Hillsborough inquests: Former officer admits facts 'removed'

Hillsborough disaster Image copyright Hillsborough Inquests
Image caption Ninety-six football fans died as a result of the crush at Hillsborough stadium in Sheffield

A former police chief who oversaw the vetting of officers' statements after the Hillsborough disaster has admitted some facts were removed.

Retired Ch Supt Donald Denton told the new inquests he could see "no reason" why some accounts were changed.

However he denied there was a deliberate attempt to withhold officers' accounts from the original public inquiry in 1989-90.

Ninety-six Liverpool fans died due to a crush at the match on 15 April 1989.

More than 600 police statements were internally reviewed by South Yorkshire Police (SYP), of which about 60 were amended between May 1989 and May 1990, the court heard.

The jury was shown how statements which contained comment on police leadership, lack of manpower and poor communications were altered.

'Crossed out'

Mr Denton, who had overall responsibility for the vetting of statements, told the inquests that removing criticism of senior officers was justified because it was "very largely opinion", whereas criticism of fans was seen as "fact".

In one statement, a sergeant at Hillsborough recalled that, in previous years, a group of police officers was stationed at a tunnel into the central pens at Sheffield Wednesday's stadium.

This part of his statement was crossed out and did not appear in later versions.

Mr Denton, who has now retired from SYP, said: "I can't see any reason why this should have been taken out at all.
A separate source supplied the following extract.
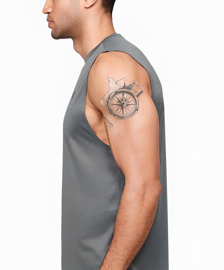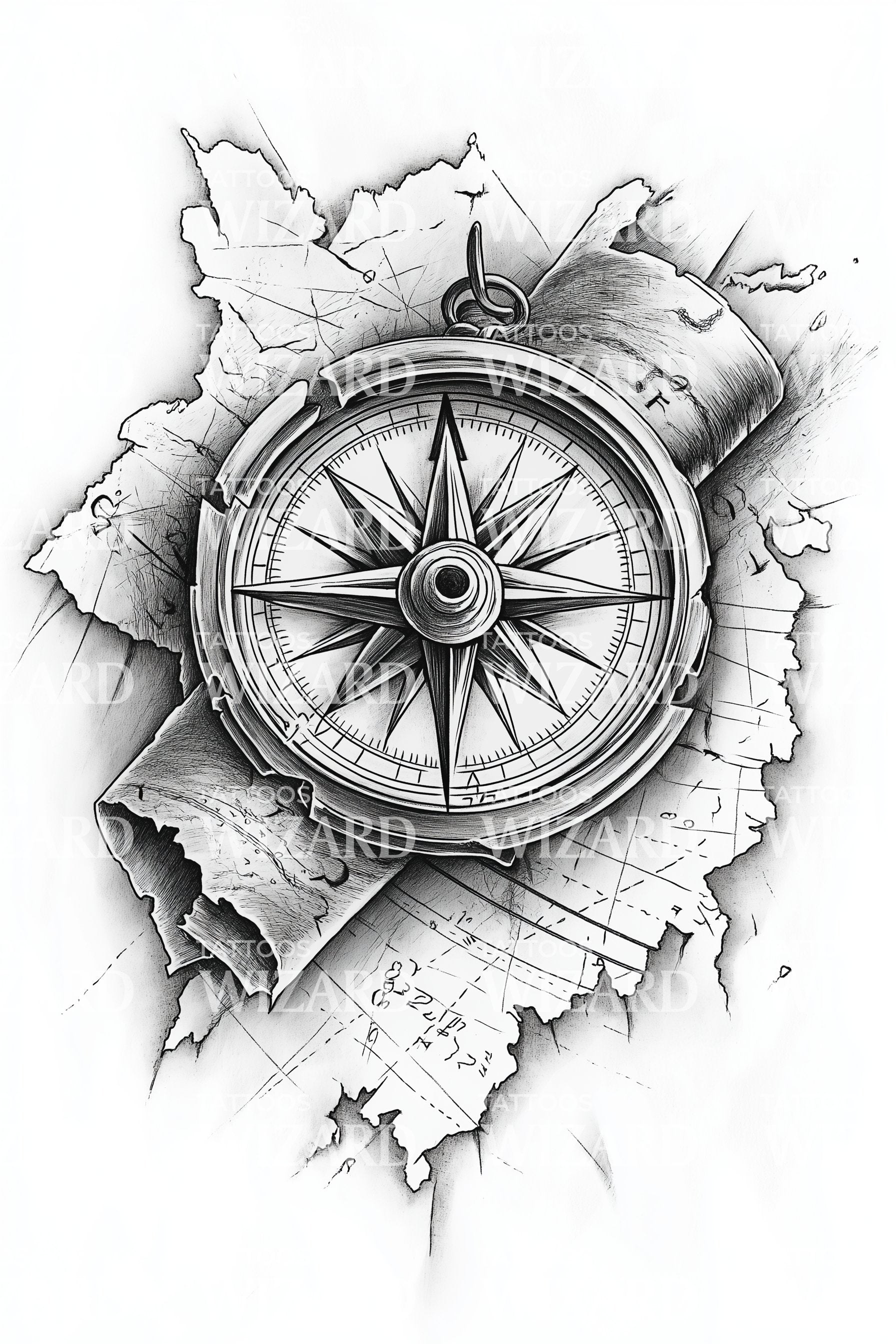 沉浸于复古魅力,这款插画风纹身设计展现了裂纹石材效果。精致的罗盘与玫瑰元素象征着探险者的无畏精神。这个含蓄而强烈的设计以引人入胜的解构风格,生动诠释了传统符号的魅力。

That should have been left in."

He agreed it was "not satisfactory" that a reference to police radio problems, a year before the disaster, was also removed from another officer's statement.

"Because of the difficulties that were being experienced with the communications system there on the day [in 1989], I would have thought that should remain in," he added.

'Nothing deliberate'

Mr Denton told the jury that SYP's legal advisors suggested the removal of comment, opinion and hearsay from officers' statements, even though it was allowed in the original Taylor public inquiry between 1989 and 1990.

But he admitted he was wrong to tell a previous inquiry all statement changes were suggested by lawyers and none by police.

Pete Weatherby QC, a barrister for 22 bereaved families, put it to him that key evidence about a police tactic to close the tunnel to the Leppings Lane terrace, once the central pens were full, was removed from officers' statements.

He said there was a "train of evidence for this critical matter that is not provided to the Taylor inquiry by South Yorkshire Police".

Mr Denton replied: "I don't accept the construction you're putting on it, sir. It may obviously have been an error somewhere along the line but there was definitely nothing deliberate in withholding statements."

The inquests in Warrington, Cheshire, continue.